- Puhr during his time in the SS
- Born: 21 January 1914 Staré Křečany, Bohemia, Austria-Hungary
- Died: 15 April 1964 (aged 50) Leipzig Prison, Leipzig, East Germany
- Political party: Nazi Party
- Criminal status: Executed by guillotine
- Motive: Nazism
- Convictions: War crimes Crimes against humanity
- Criminal penalty: Death

Details
- Victims: 30–40+
- Span of crimes: 1938–1945
- Country: Germany and Channel Islands
- Locations: Sachsenhausen concentration camp Lager Sylt
- Date apprehended: June 1963
- Allegiance: Nazi Germany
- Branch: Schutzstaffel
- Service years: 1938–1945
- Rank: Unterscharführer
- Unit: SS-Totenkopfverbände

= Roland Puhr =

SS war criminal

Roland Puhr (21 January 1914 – 15 April 1964) was an SS-Oberscharführer who committed numerous atrocities at Sachsenhausen concentration camp during World War II. After the war, he settled down in East Germany using forged papers. Puhr was exposed as a war criminal in 1963, and executed the following year.

== Early life ==
Puhr was born in Staré Křečany in Bohemia in 1914. He joined the Sudeten German Party in 1936.

== Wartime activities ==
In the 1930s, Puhr joined the Czechoslovak Army. In 1938, he deserted to join the Wehrmacht. In 1939, Puhr joined the Nazi Party. He was then assigned to the SS-Totenkopfverbände and sent to work as a guard at Sachsenhausen concentration camp. During his time, Puhr participated in the shootings of multiple Soviet POWs at the camp's execution site. He personally murdered approximately 30 to 40 prisoners. One prisoner whose murder he participated in was the beating to death of Austrian prosecutor Karl Tuppy, who had initiated the case against SS men Otto Planetta and Franz Holzweber for the murder of Austrian Chancellor Engelbert Dollfuss during the July Putsch in 1934. Planetta and Holzweber were both found guilty of killing Dollfuss and executed. Tuppy had also been involved in the prosecutions of Anton Rintelen, one of the ringleaders in the coup, and Otto Steinhäusl, a police officer who had collaborated. Rintelen and Steinhäusl both received prison terms for treason, albeit they were later released under amnesty agreements with Germany. German communist Rudolf Wunderlich, a survivor of Sachsenhausen, later described finding Tuppy after he was beaten by Puhr and other SS men."I had never seen anything like it. His face was gone. Just a piece of completely undefined meat, full of blood, cuts, the eyes completely swollen up."Tuppy died shortly after being beaten further by SS guards Gustav Sorge and Wilhelm Schubert.

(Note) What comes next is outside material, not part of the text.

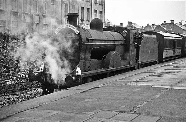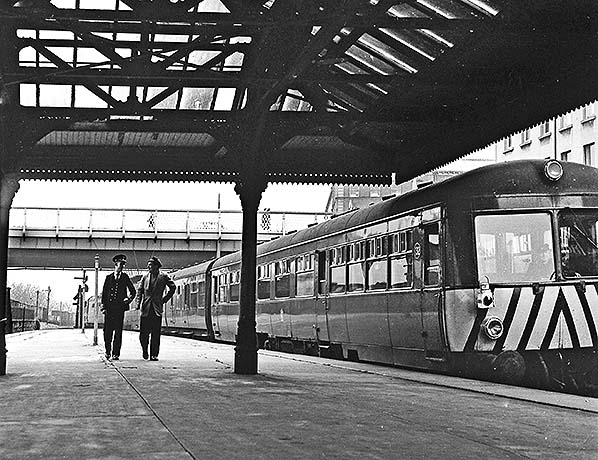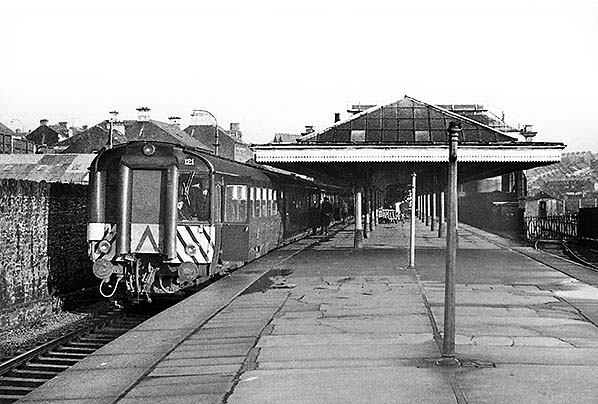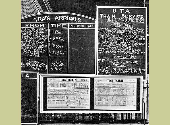 ![]() Information boards at Londonderry Foyle Road seen in May 1964. The passenger train service that was operated at this time is clearly shown on the boards. Photo from the Donegal Railway Heritage Centre collection ![]() The main entrance of Londonderry Foyle Road station seen from the quayside in May 1964. The entrance building with its distictive towers was built by the INWR in 1870. In the foreground the mixed gauge track of the LP&HC can be seen. Running between the station and the wall is the line that ran into the NCC City Goods station. These had been out of use since August 1962. Photo from the Donegal Railway Heritage Centre collection ![]() Londonderry Foyle Road station looking north-east in May 1964 from underneath the Craigavon Bridge. Photo from the Donegal Railway Heritage Centre collection ![]() The GNRI built refreshment rooms at Londonderry Foyle Road station seen in May 1964. The GNRI Great War memorial can also be seen above the bench. This was one of three GNRI memorials errected to the memory of employees who lost their lives in the war (the others were at Belfast Great Victoria Street and Dublin Amiens Street) Photo from the Donegal Railway Heritage Centre collection ![]() On 13 June 1964 the IRRS 'All Ireland' rail tour is seen at Londonderry Foyle Road prior to departure for Portadown and Dublin. At the head of the train is UTA 4-4-0 S class locomotive number 60 'Slieve Donard'' (ex GNRI 172). The engine was built in 1913 and withdrawn in May 1965. Directly behind the engine is a CIE six wheel full brake van. This was the last rail tour to visit Foyle Road. Copyright photo from Ernies Railway Archive ![]() During the last months of operation the crew of BUT railcar 121 pose for the camera at Londonderry Foyle Road station on 1 January 1965. Photo by E M Patterson ![]() On 1 January 1965 BUT railcar number 121 (ex GNRI 701) sporting UTA livery is seen at Londonderry Foyle Road on a Belfast Great Victoria Street service. This railcar was one of the double ended type and it was the first to be delivered in June 1957. Photo by E M Patterson ![]() Copyright photo from the Derry Journal ![]() Copyright photo from the Derry Journal ![]()

Puhr was suspected of additional targeted killings at an SS construction brigade near Düsseldorf. Puhr was also the first commandant of the Lager Sylt camp in the Channel Islands.

== Exposure, trial, and execution ==
After war ended, Puhr went into hiding using forged papers. He started a new life in Schönhausen. However, in June 1963, Puhr was exposed and arrested by East German authorities. He was charged with war crimes and crimes against humanity. On 16 December 1963, Puhr was found guilty by a court in Neubrandenburg and sentenced to death. His appeal was rejected, and Chairman of the State Council Walter Ulbricht rejected his petition for clemency. Puhr was guillotined at Leipzig Prison on 15 April 1964. His remains were then cremated, and he was buried in an unmarked grave in an undisclosed location.